Deficiency in Serum Immunoglobulin (Ig)m Predisposes to Development of Igg Autoantibodies

Michael R Ehrenstein a,b, H Terence Cook c, Michael S Neuberger a
PMCID: PMC2193170  PMID: 10748243

Abstract

Serum immunoglobulin (Ig)M provides the initial response to foreign antigen and plays a regulatory role in subsequent immune response development, accelerating the production of high-affinity IgG. Here we show that mice deficient in serum IgM have an increased propensity to spontaneous autoimmunity as judged by the development with age of serum IgG anti-DNA antibodies and the renal deposition of IgG and complement. They also exhibit augmented anti-DNA IgG production on exposure to lipopolysaccharide. Thus, deficiency in serum IgM leads to diminished responsiveness to foreign antigens but increased responsiveness to self—a paradoxical association reminiscent of that described in humans deficient in complement or IgA.

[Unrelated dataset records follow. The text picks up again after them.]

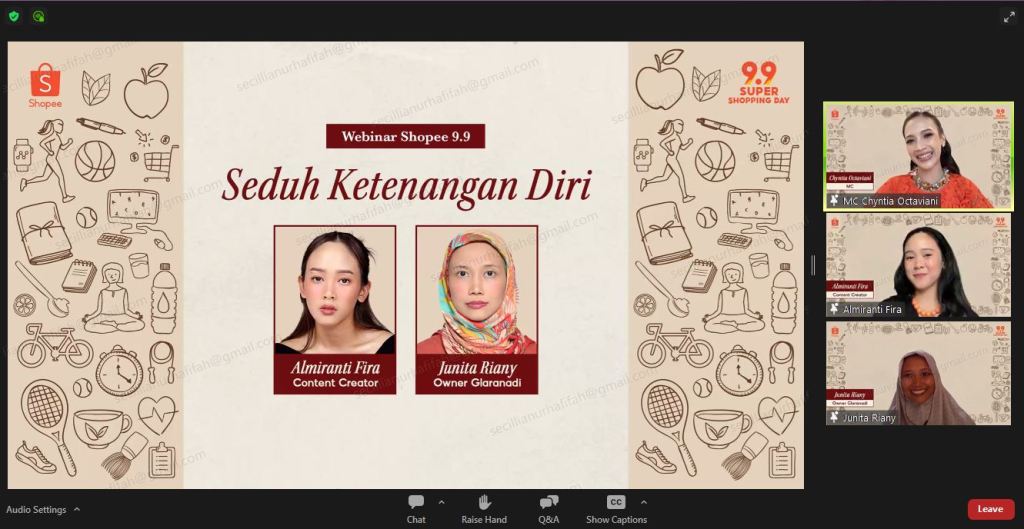 Webinar Shopee 99 Super Shopping Day berjudul “Seduh Ketenangan Hati” berhasil digelar pada tanggal 22 Agustus 2025 yang menggandeng Almiranti Fira, seorang content creator dan Junita Riany, selaku owner Glaranadi. Dok. Ss/Secillia Nur Hafifah
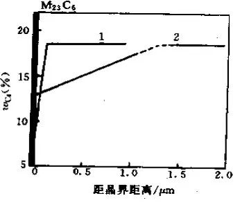晶間腐蝕是沿晶界發生的選擇性腐蝕,也是一種最易受熱處理影響的腐蝕類型。發生晶間腐蝕的主要原因是由于晶界貧鉻。例如,奧氏體不銹鋼在焊接或受到其它熱影響而被加熱到400℃~850℃時,鉻的碳化物易沿晶界析出。結果造成晶界貧鉻,導致基體中的鉻向晶界擴散。含鉻碳氮化物的析出和品格區的恢復取決于溫度和時間。溫度高時,由于鉻的擴散能力大,一方面含鉻碳化物容易析出,另一方面鉻向貧鉻區擴散的恢復過程進行得也較快;溫度低時,雖然鉻難于在鋼中擴散,但鉻碳化物也不會在晶界析出,因而也不會發生晶界貧鉻問題。
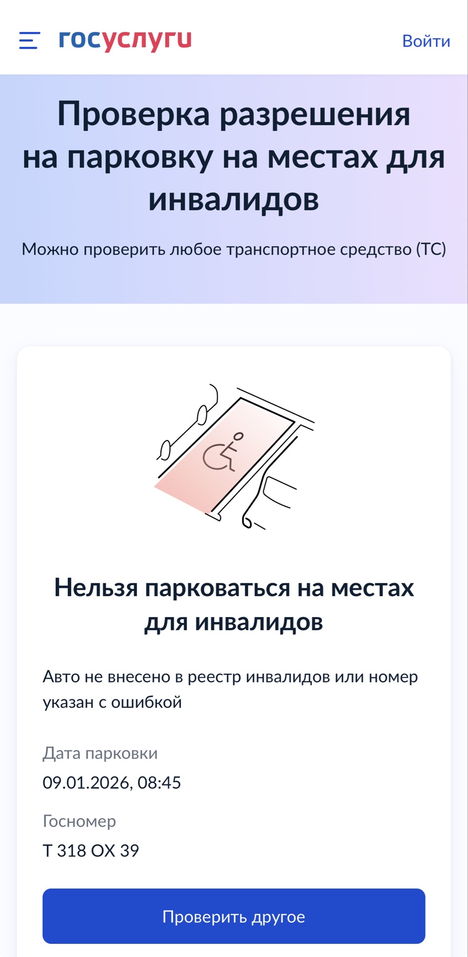Парковочное место для инвалида занято водителем "китайца" Т 318 ОХ/39. Может со зрением что-то и табличку не заметил?
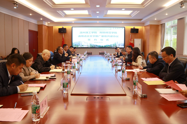 【本网讯】为进一步推广普通话,促进各族师生交往交流交融。我校于2024年4月23日上午10:30,在行政楼406会议室与温州理工学院举行通用语言文字推广基地共建协议签约仪式,温州理工学院党委副书记吕朝晖,党委委员、副校长孙芙蓉,教务处处长连新泽;我校党委常委、副校长齐泽民,教务处处长黄成兵等相关人员参加签约仪式,仪式由黄成兵主持。
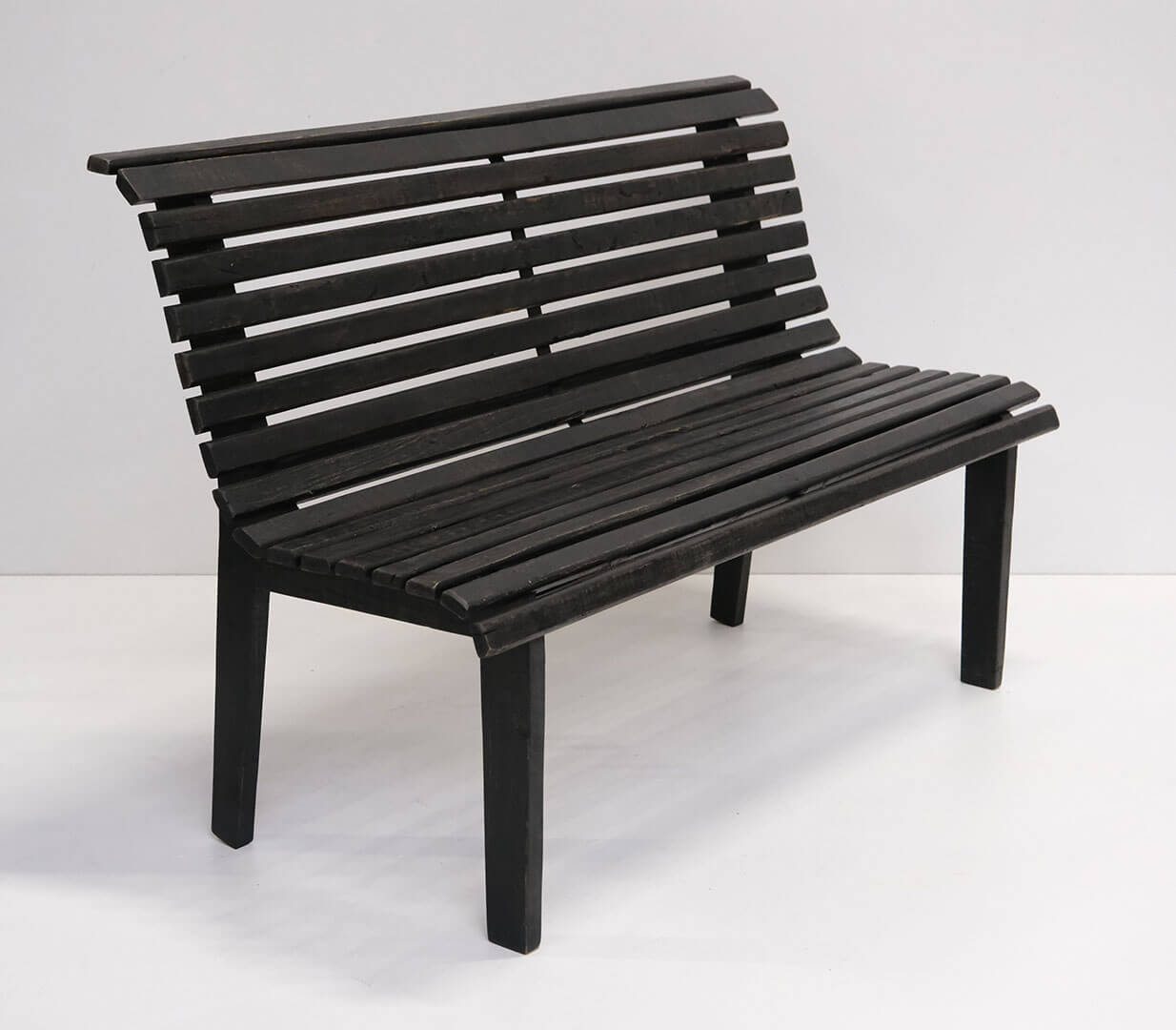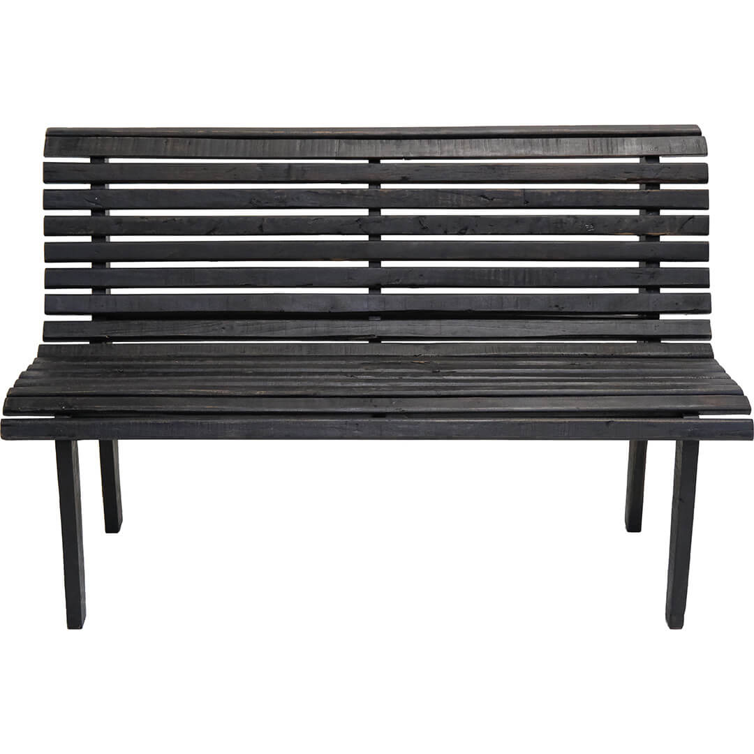Ultra schöne Bank aus schwarz lackiertem Altholz. Die Bank ist in einem sehr einfachen Stil gestaltet, der mit seiner hohen, geschwungenen Rückenlehne und Lamellen sowohl auf der Sitzfläche als auch auf der Rückenlehne organisch wirkt. Sie wird ein wunderbarer Blickfang im Schaufenster, im Restaurant oder zu Hause in der Eingangshalle. Eine wirklich schöne Bank mit vielen Einsatzmöglichkeiten.
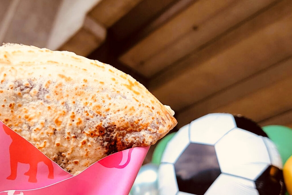 米粉を使用したもっちもち食感のクレープ。「チョコ生クリーム」(¥450)などの定番ものから、「シュガーバター」(¥400)や「ハムピザ」(¥550)といったホット&しょっぱい系クレープまで種類豊富なラインナップ!

We wondered whether serum IgM might play an analogous role with regard to the response to self-antigens. However, here—in contrast to the sluggish response to foreign antigens—we find that deficiency in serum IgM actually predisposes to the development of IgG antibodies to autoantigens.

Keywords: immunodeficiency, autoimmunity, B lymphocyte, secretory IgM

Introduction

The first antibody to be produced after initial antigen encounter is of the IgM class. In addition to providing this first line of specific defence, serum IgM also assists subsequent development of the immune response. Thus, while mice deficient in the secretory form of IgM harbor relatively normal numbers of surface IgM+, IgD+ B cells with the serum titers of other Ig isotypes being largely unaffected, they nevertheless exhibit delayed development of specific IgG antibodies to T cell–dependent foreign antigens 1 2. Presumably, antigen–IgM complexes act through the complement system either to facilitate antigen localization to sites suitable for subsequent immune response development or to costimulate B cell activation through the CD21–CD19 receptor complex.

Materials and Methods

The generation of CCB embryonic stem cell lines in which the Cμ secretory tailpiece and the μs polyadenylation site have been deleted on one allele by Lox/Cre-mediated gene targeting has been described previously 2. The litters of μs s and μs +s + mice used in this work are from the F2 generation obtained by intercrossing μs +s heterozygotes generated by breeding embryonic stem cell–derived chimeras (created using C57BL/6 blastocysts) with C57BL/6 females. Mice were housed in a barriered specific pathogen–free facility with sentinel animals from each room screened quarterly for a variety of potential pathogens according to the recommendations of the Federation of European Laboratory Animal Science Associations.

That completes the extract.